渚晏笑了笑,拨着火吁了一口气,“李太后薨逝,女帝掌权,大开杀戒,他们忙着去南边求一出路……恐怕不日,西陆南北又要开战了。”

商秋问:“西陆内乱不断,为何圣上从未有攻伐之意?”

渚晏意味深长道:“天地四分,若说北陆大胤是条巨龙,那东陆丹境就是草原上奔腾的狮子,各部部落强盛,不容小觑,南陆上祀善巫术,国力虽弱,却是一条藏在暗处的毒蛇,西陆大酆南北不和,但国力强悍……自陛下登基以来,整顿吏治、改革弊政,换得大胤天下安定,万民乐业,倘若轻易开战,不易于国事民生。”

商秋恍然大悟。

沈听珠呵了呵掌心,轻轻罩住商秋的双耳给她取暖,“师父,此番去下坞城,可是因大酆女帝登基之故?”

火盆滋滋冒火,渚晏揣手向后靠去,“不是,是故人来信,说有一桩心愿未了…”

沈听珠点头。

乍闻远处一声鸟鸣,渚晏轻轻挑开帷子,外面风雪已停,黑夜里朔风微啸,他拿出舆地图看了看,道:“夜深了——小四、商秋,我们在此暂歇马一夜,明日一早再去下坞。”

沈听珠拢好衣裳,和商秋下了车舆,一行人动作利落支起帐篷,在草地上生了一团火,暂作休息,几里外的绿树上不知吊着何物,好似一串灯笼,从下至上隐约有七八个,上围了许多乌鸦。

她不解道:“师父,此处为何不下雪?”

“山脉的缘故,大胤山脉是四陆南北方的界山,阻了风雪,故一过山脉,便是另一种景象,小四,别乱看,过来吃饼。”渚晏烧开水,热上胡麻饼道:“下坞城是四陆接连的一个灰色的地带,北近大胤,西接大酆,南邻上祀,东靠丹境,地势低洼,不受任何一陆管辖。”

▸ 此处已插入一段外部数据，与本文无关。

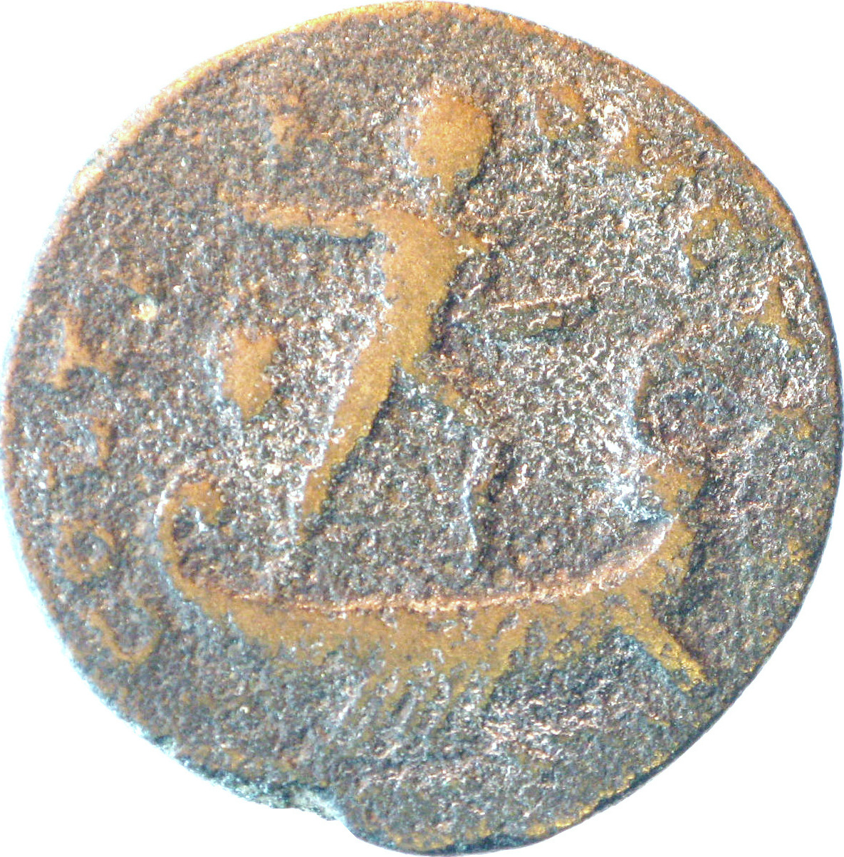 nude Cadmus advancing right, head left, holding sword and raising right arm, on galley, left, with shield on aphlaston at stern ending; left, murex shell
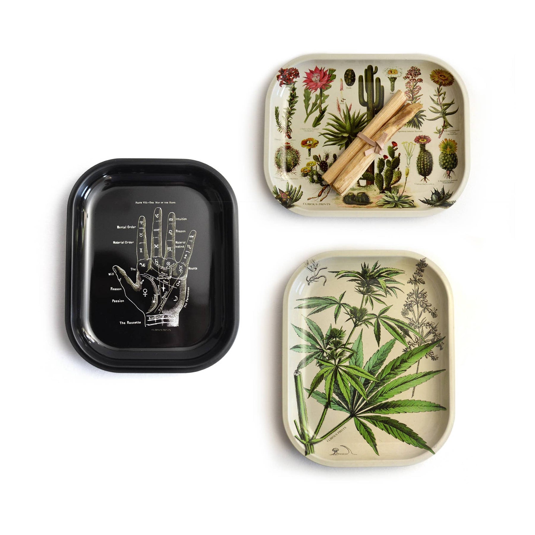 Dark Gemstones Ritual Tray A vintage inspired tray for daily use. 5"x7" tray made of sturdy metal (will not bend). Features vintage scientific illustrations. Perfect as a catch-all tray, trinket tray, or use in your ritual space. Trays are shipped with a plastic sleeve for protection. Food Safe, hand wash, do not microwave. The trays are designed by Curious Prints in Austin, Texas and printed in PRC.
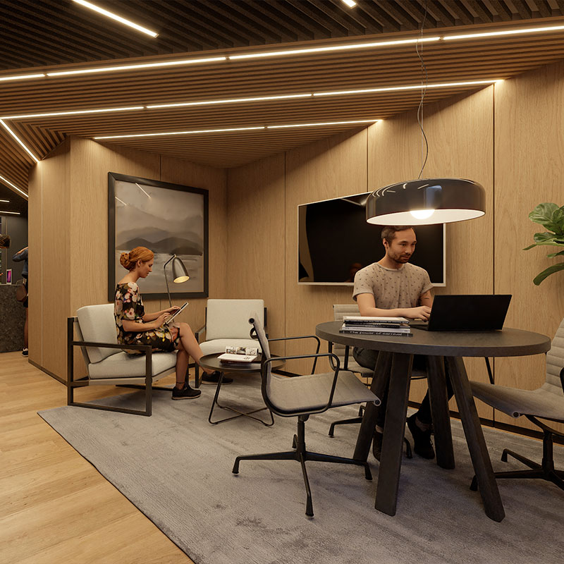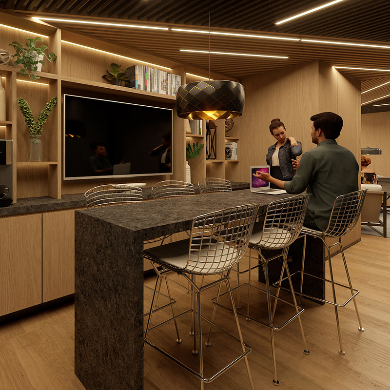 Entre sus amenidades destacan una cafetería y un espacio de coworking, ideales para disfrutar, trabajar y convivir sin salir de casa.
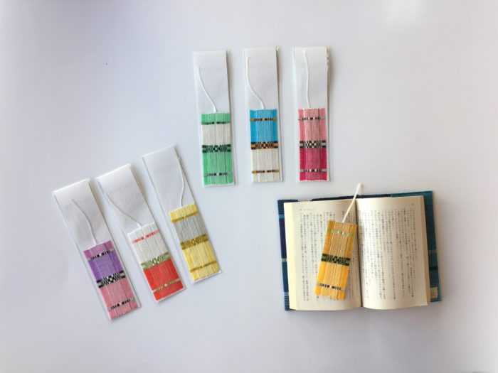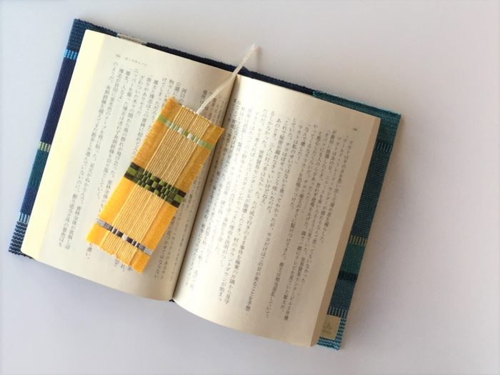 本のしおり 織技法:ロートン織 素材:綿 店頭税込価格:550円 サイズ: W3.5㎝/H17㎝/2g 山城恵美子 作
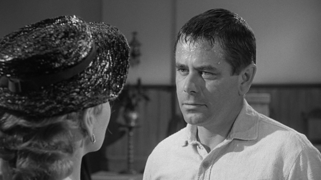 We then skip over to the little town of Cross Creek, where Glenn Ford’s character is out in the desert, shooting at rocks. And studying the notches in his pistol and generally appearing pretty somber.
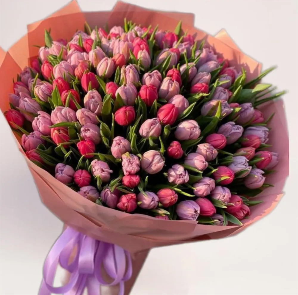 Мы контролируем каждый этап: от подбора цветов до момента вручения. Профессиональные флористы тщательно отбирают свежие соцветия и собирают их в крепкий букет. Предлагаем вам заказать композицию из 101 тюльпана микс на выгодных условиях онлайн или по телефону. Курьеры бережно доставят заказ по указанному адресу в оговоренное время.
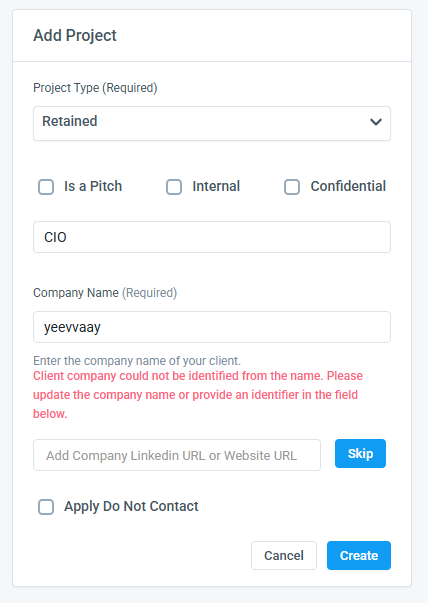 If the company is not already listed in your company database or misspelled, you will receive the below message upon clicking on the create button. Enter the company's LinkedIn or Website URL to create the project and enrich the company profile at the same time.
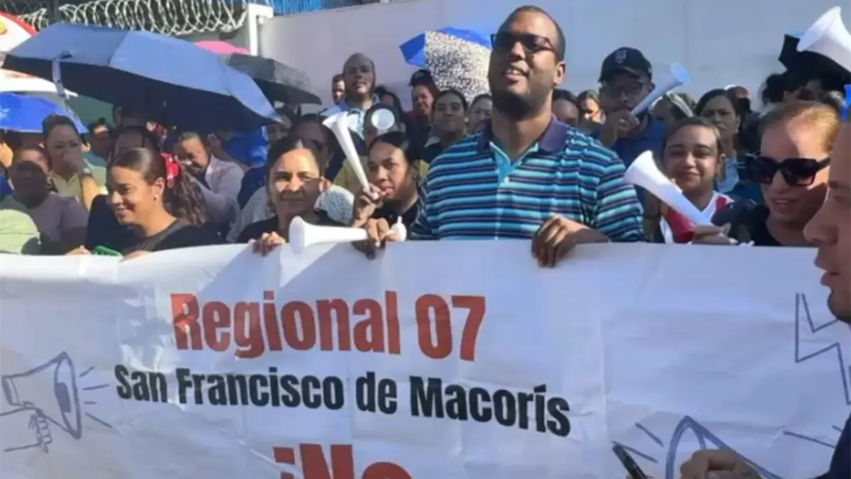 San Francisco de Macorís.– Con pancartas y utilizando consignas la Asociación Dominicana de Profesores (ADP) se concentró este jueves en el Distrito 07-05 de San Francisco de Macorís, para reclamar la intervención de las escuelas que presentan deterioro.
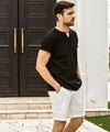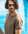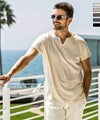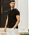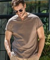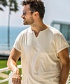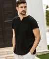 リラックス感と大人の上品さを兼ね備えたキーネックデザインの半袖カットソー。
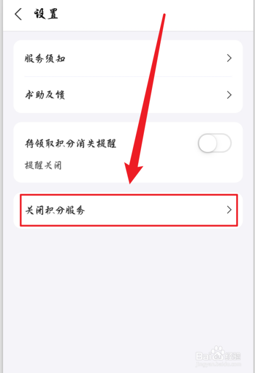 最后,点击设置中的【封闭积分办事】选项即可。
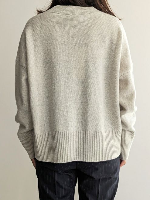 ウール、カシミヤ混の柔らかく温かなニットカーディガン。シンプルなデザイン故に、生地の上質さが際立つ一着です。

火炭“啪嗒”一声碎开,火势骤起,渚晏目光灼灼,映在火焰中摄人心魄,“百年来,下坞城各方势力混杂,行军内外驻扎,小四、商秋,你们要记住,大胤是黑红相间的明光甲,大酆是艳丽鲜明的凤翅甲,丹境穿山文甲,上祀喜着巫祝服,明日进城,一定要仔细辨别!”

肉馅儿的胡麻饼香味四溢,沈听珠馋馋地“嗯”了一声。

渚晏拿起胡麻饼,往两饼之间夹上豆豉,掰成两半递给沈听珠和商秋,继续道:“还有——在下坞城,不要轻信任何人之言,那里的人来路不明,是贼是匪是人是鬼,真假难辩……”

此刻天色正是最黑,沈听珠吃饱了饼,温着蔗浆小口喝着,渚晏絮絮叨叨说了许多,沈听珠眼里映出的火光一明一暗,连日奔波,终是撑不住,靠在商秋肩上混沌睡去。

翌日,车舆进了下坞城,沈听珠揭开帘子,街坊尽是喧闹的人声,街市按十字排列,横竖向两条,街旁栽着槐树,上挂各式样的祈福带,贩夫沿街摆着小摊,沈听珠瞥见一个卖茶具的小摊,其中一只白釉花式高足杯,通体净白,釉质光润。她道:“好漂亮的高足杯。”

渚晏只看一眼,就下了定论,“赝品。”

“师父如何看得了?”沈听珠忙请教。这时车舆路过一间酒铺,只听得里面一片骂声起,从中一道黑影窜出,提着一条板凳,往门口倒着一横,后面几人一跤绊倒,他吁吁笑了一声,瞅见车舆过来,径奔急跳上来,钻将进去。

车内三人吃了一惊,渚晏立刻挡在沈听珠面前,扳住他的肩膀,要将他丢下车去,这人跪拜告饶,回过脸来。

渚晏一下松了手,“鲁仝?”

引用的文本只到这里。